The numbers back it up. The server networking business inside Dell jumped 58% in the past year and then another 69% in the last quarter alone, according to Michael.

Growth has been fueled by large language models that now stretch beyond text into multimodal and multi-agent systems, each one pulling more power from chips and infrastructure.

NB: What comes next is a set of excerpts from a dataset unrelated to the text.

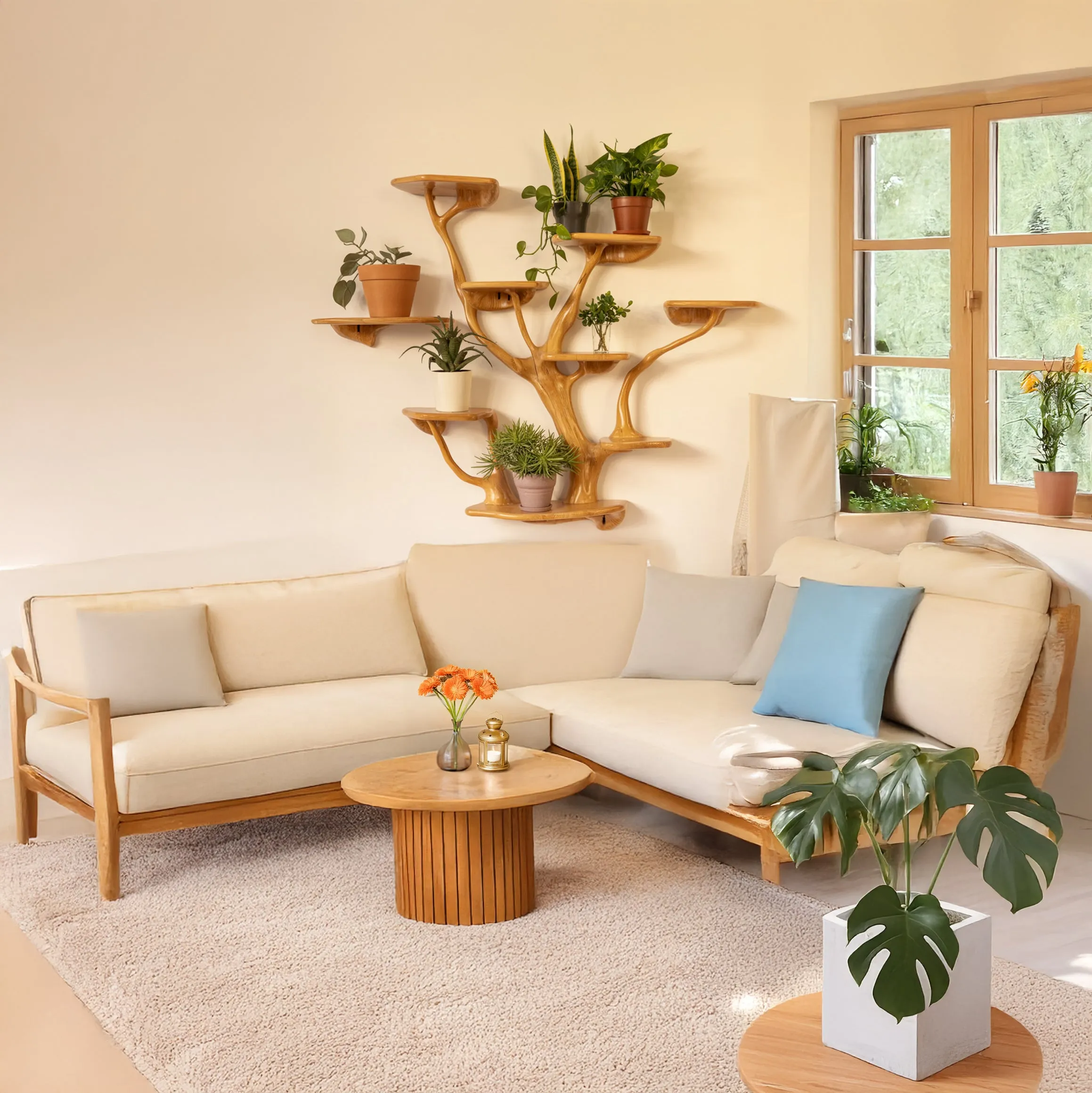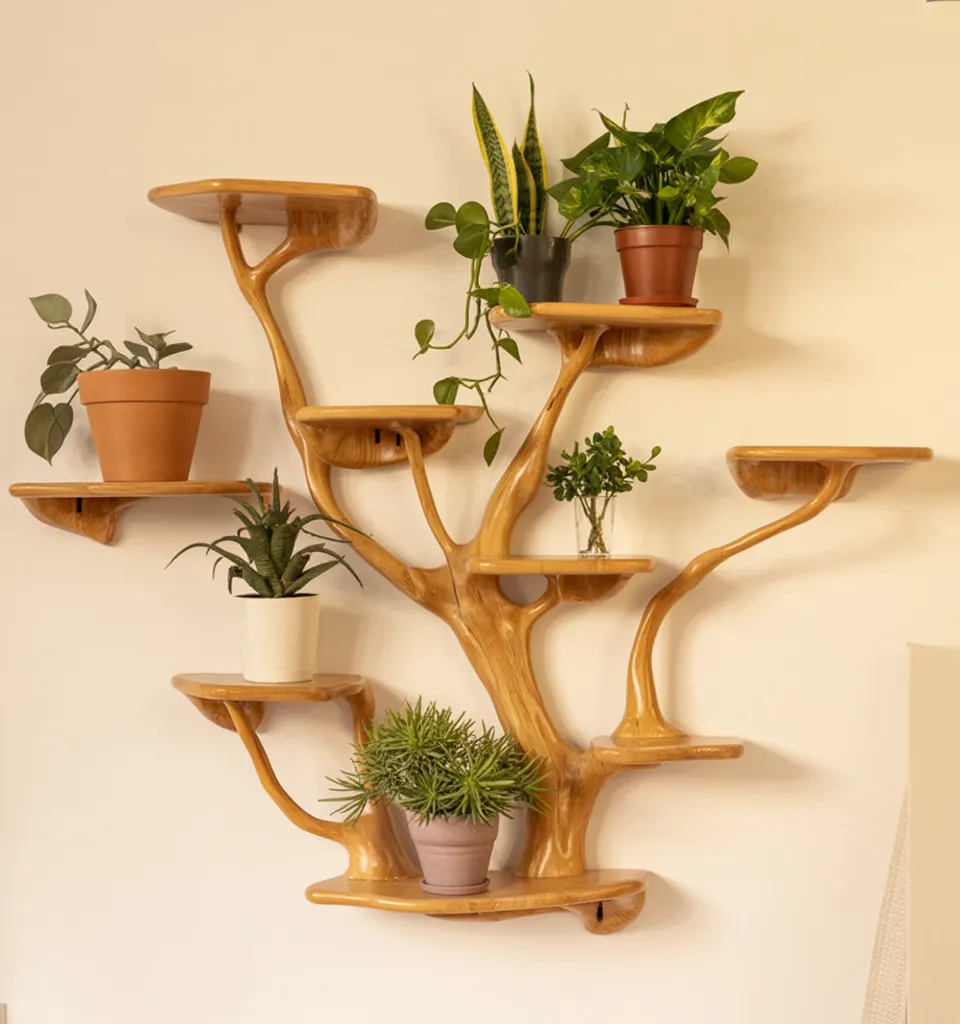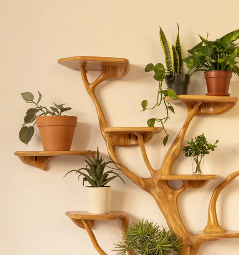 The driftwood look finish protects the surface and highlights the tone of the wood. Branch spacing supports both standard novels and taller art books. Shelves can also hold planters frames and small speakers. Distribute weight across branches rather than loading a single shelf when placing heavy items.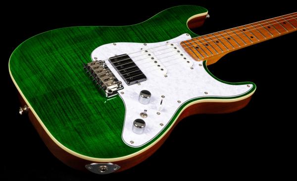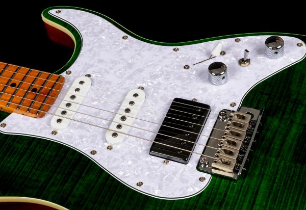 Dans cette configuration avec un set de micro HSS et une touche en Erable, elle est parfaite pour les musiciens qui cherchent un instrument polyvalent capable de produire des sons clairs cristallins comme des saturations de type Hard/Metal.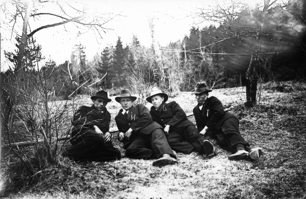 Utsträckta på marken, från vänster Johan Åberg, Arvid Jansson, Gustav Blom och Helmer Johansson, samtliga Västerbo.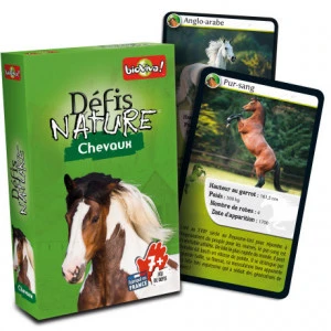 Défis Nature vous emmène à la rencontre des chevaux les plus majestueux. Découvrez les espèces les plus rares, puis pariez sur les points forts de vos équidés pour collecter toutes les cartes du jeu et remporter la partie.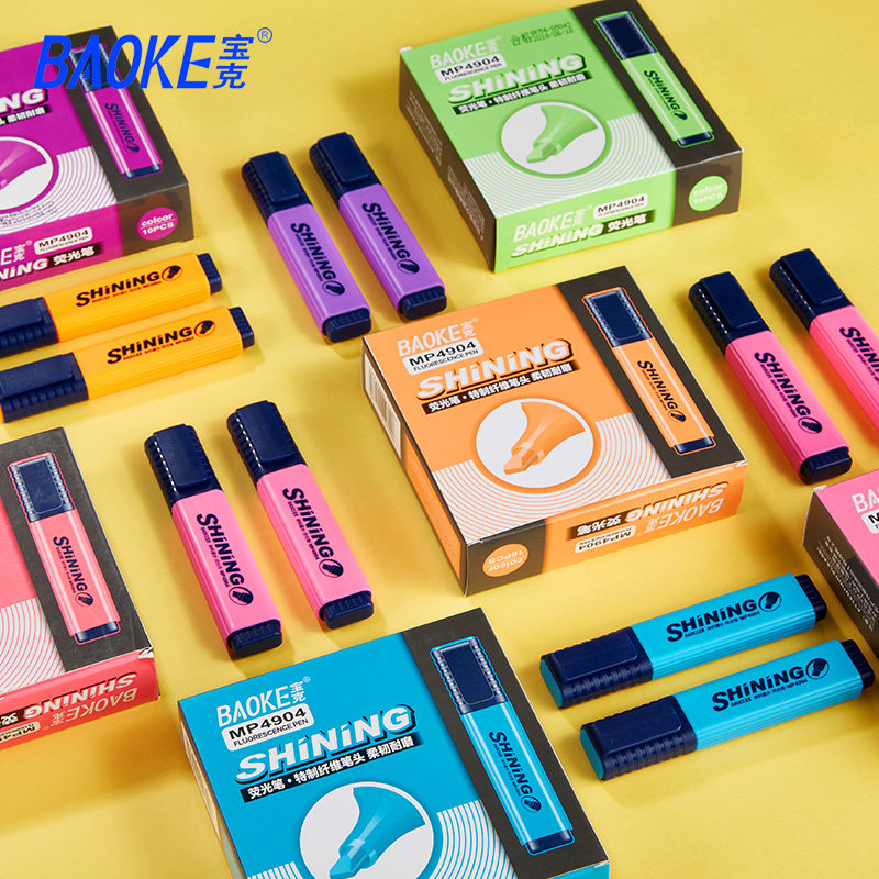 宝克MP4904荧光笔记号笔学生用斜头彩色笔办公学习用品划重点七色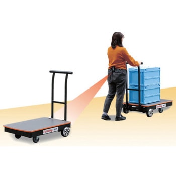 追従モードとラジオコントロールモードのみのシンプル機能です。折り畳み可能なハンドルで通常の手押し台車として使用可能です。。ハンドルが折り畳み可能で、コンパクトに収納できます。車体の前後に装備したセイフティーレーザーセンサーで、人や障害物を検知します。バッテリーは簡単に着脱可能です。リモコンは追従モードの発信部と、ラジオコントロールモードのリモコン、二つの機能を併せ持ちます。USBケーブルで充電します。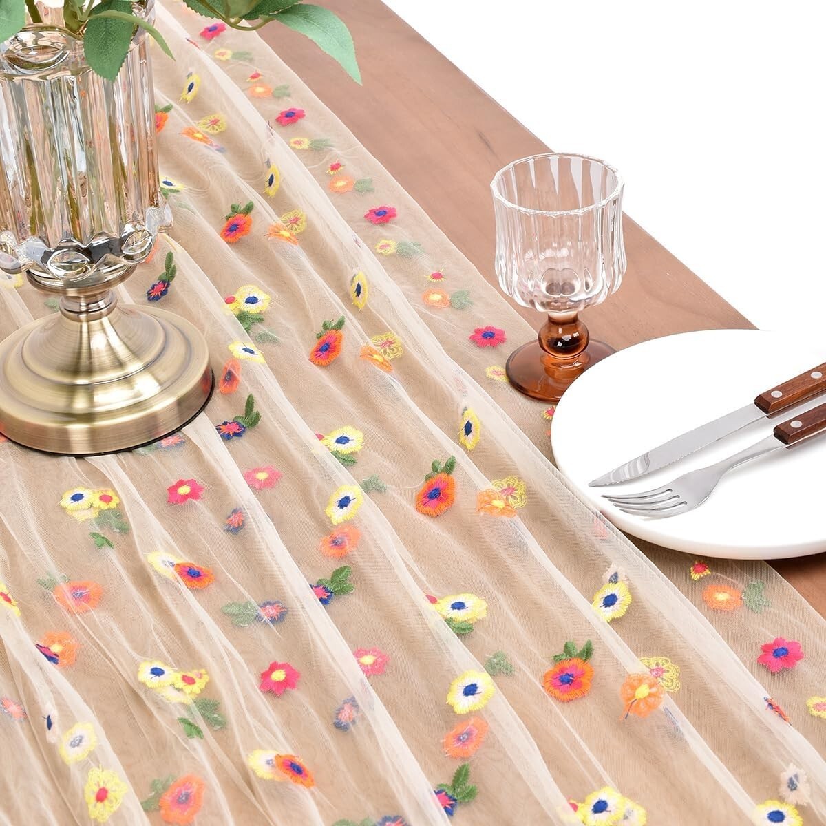 Versatile 10ft Champagne Floral Tulle Table Runner for Indoor and Outdoor Events

That hunger is what keeps orders flowing.

Dell expands sales with Nvidia chips and big customers

Michael explained that the company’s AI servers are powered by Nvidia’s Blackwell Ultra chips.Those machines are then sold to heavy hitters like CoreWeave, a cloud service provider, and xAI, the startup run by Elon Musk.The stock market reacted quickly to this boom.

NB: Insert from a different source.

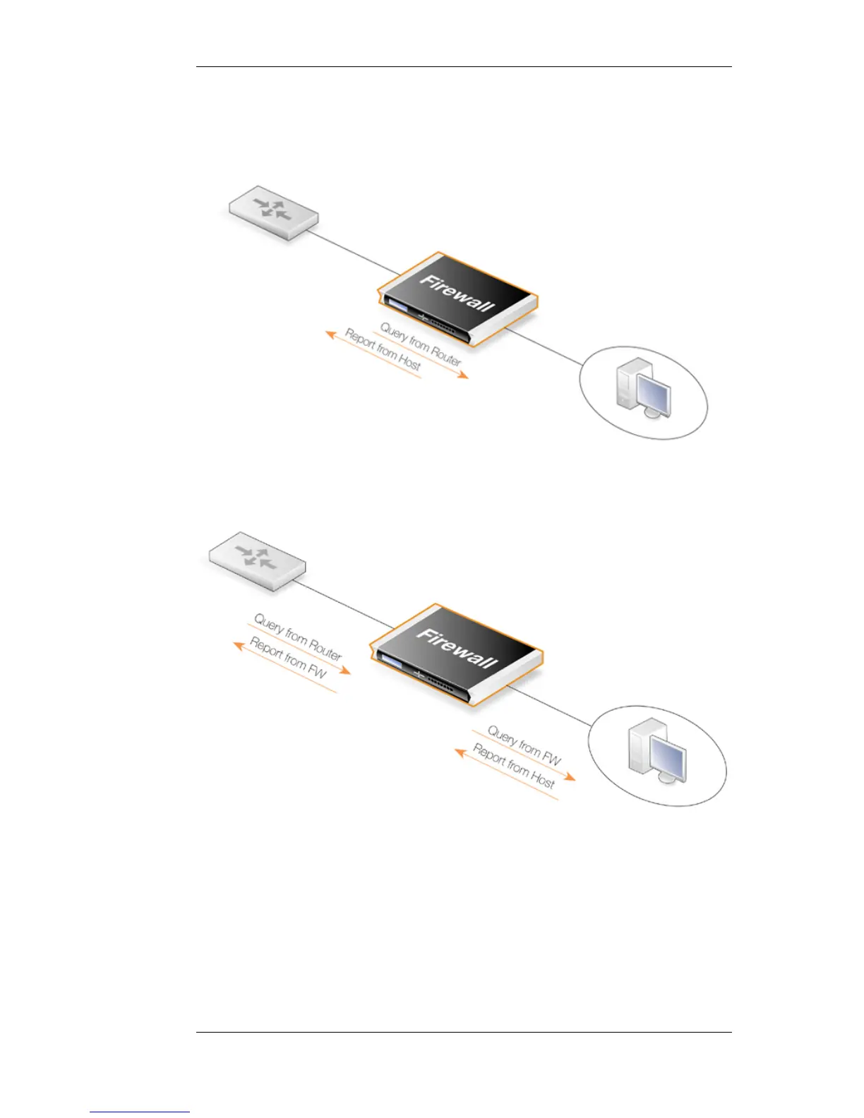 In Snoop Mode, the NetDefend Firewall will act transparently between the hosts and another IGMP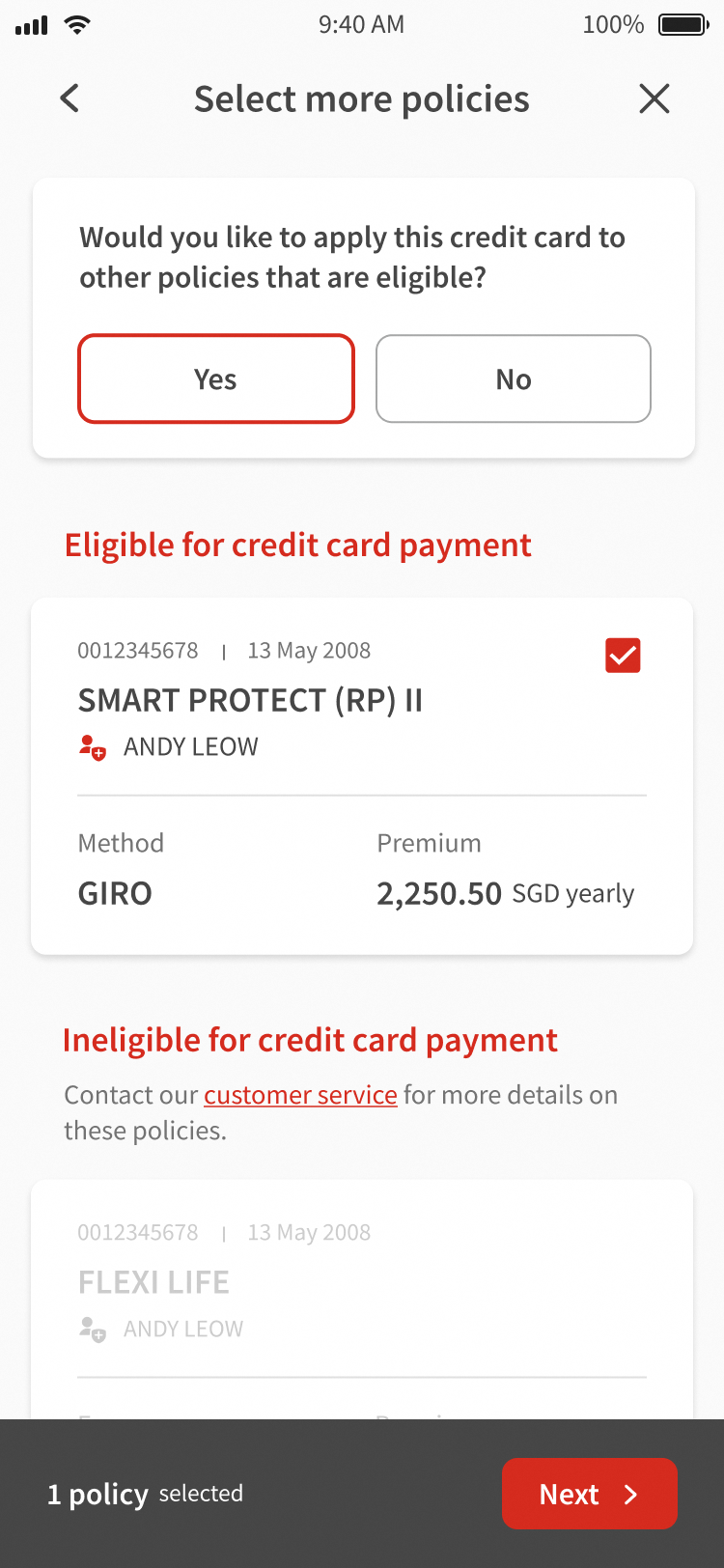 Credit card payment is not supported for policies purchased before 1 July 2014, and only the OCBC Great Eastern Cashflo card is supported for policies purchased before 15 October 2020.

Dell shares rose more than 3% on Tuesday, right after the company raised its long-term growth outlook in front of analysts.

Michael lifted the company’s expected annual revenue growth to a range of 7% to 9%, up from the earlier 3% to 4% forecast.Diluted earnings per share are now expected to grow 15%, almost double the 8% previously targeted.

This followed strong second-quarter earnings in August. Looking further ahead, Michael said the company plans to ship $20 billion worth of AI servers in fiscal 2026, which is double last year’s figure.

But while sales are exploding, there’s a problem no one can ignore: power.

“It’s the clear constraint that we hear about from our customers, including OpenAI,” Michael said. “Many customers, in fact, will tell us, ‘Well, don’t deliver it until this day because we won’t have power in the building to support it.’”

Power supply questions loom over AI buildout

The scale of these projects is staggering. In September, OpenAI announced a partnership with Nvidia to build at least 10 gigawatts of data centers.

That equals the annual energy use of about 8 million U.S. households, based on analysis from CNBC using data from the Energy Information Administration. The largest tech names (Microsoft, Google, and Amazon) have also committed billions of dollars to new AI facilities.

Michael pointed out that while Dell can design servers to be as energy-efficient as possible, the reality is that these new projects will consume staggering amounts of electricity.

The concern is whether that energy even exists yet. Government data shows the U.S. grid is expected to add 63 gigawatts of capacity in 2025. The 10 gigawatts linked to OpenAI and Nvidia would eat up almost 16% of that total increase.

“At the end of the day, if you’re going to generate tens of trillions of tokens, and you’re going to create intelligence and drive the economy forward, you’re going to need computing power and energy,” Michael said.